2024-03-20
Attending: Davis Bennett (DB), Sanket Verma (SV), Janos Zimmermann (JZ), Gābor Kovācs (GB)
TL;DR:
The team discussed the recent HTTP Extension meeting and potential community interest, async loading in Zarr-Python, and optimizing chunk sizes for S3. Other topics included PR reviews, tutorial examples for cloud storage, Repo-Review suggestions, fixing issues with Pytest, and updates on Zarr-Python V3 and N5 support.
Updates:
- Join ZulipChat: https://ossci.zulipchat.com/
- HTTP Extension meeting took place on 3/14
- Trying to figure out the best way forward, i.e. a ZEP or not
- Guaging interest and use cases from others in the community
Meeting Minutes:
- DB: Zarr-Python doesn’t use async while loading the chunks - but it’s fairly easily to parallelize the chunks as they are mostly files
- JZ: User should have ability/freedom to do parallelism on their own
- DB: No concrete proposals rn - scheduling the reading of chunks via cloud
- JZ: Using Zarr rn to write data to S3 - chunk size 1MB
- DB: It’s Dask fault - every dask task cost 1ms for task grapher - with million Zarr chunks you’ll be spending a lot of time on dask graph
- JZ: Rechunking
- DB: Rechunking on Dask array?
- JZ: Yes!
- DB: Issues you’ll face:
- no. of task will be v. v. large
- Complexity in the order of O(no. of chunks)
- JZ: Got speed of 1TB/S for local - got 200MB/S when switched to S3 - S3 is inserting keys and putting it S3 store
- DB: Makes sense to benchmark S3 until you timeout - at some point you start getting error code - once you’re there you can’t go any faster
- JZ: Currently trying to find the sweet size of chunks - will also look into Dask
- DB: Dask introduces some complexity - I use Dask in it’s primitive form - and write custom functions for other stuff
- Building on https://github.com/zarr-developers/zarr-python/pull/1713
- Should we also add similar examples for AWS and Azure?
- Or move the existing material from tutorial section to examples?

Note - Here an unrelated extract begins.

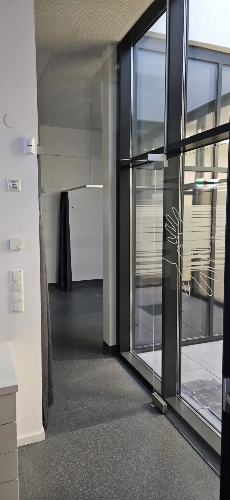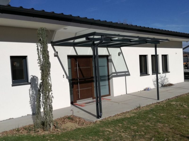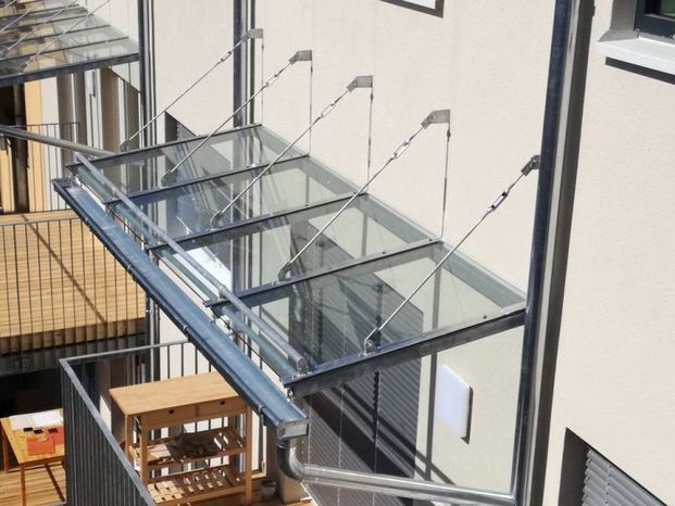 Selbst wenn nur wenig Platz vorhanden ist, finden wir eine Lösung wie von unten gestützte Glasvordächer.

- DB: Basically fall under the tutorials sections
- SV: Will ask on the PR if any objections to put it under
tutorials.rst
- Dimitri is working on applying Repo-Review suggestions to Zarr-Python
main
- Any reason to not have in
V3
branch? - DB: If there’s nothing disrupting the day-to-day work it’s good to have those PRs - we can always bring the stuff later in V3
- Any reason to not have in
- Fixing https://github.com/zarr-developers/zarr-python/pull/1671
- PR by Davis: https://github.com/zarr-developers/zarr-python/pull/1714/ - any objections?
- DB: Looks good for now but we should also check what changes does Pytest 8.0.1 brings
- GB: Any new updates to Zarr-Python V3?
- DB: Will be funded until May to work on Zarr-Python by Earthmover
- DB: Do you use N5?
- GB: Little bit
- DB: There’s a proposal to remove N5 from Zarr-Python - you’d need to install N5py to work with N5
- DB: Saalfeld is making changes/developing N5 - adding major versions
- GB: N5 may support V3 - had a chat with Saalfeld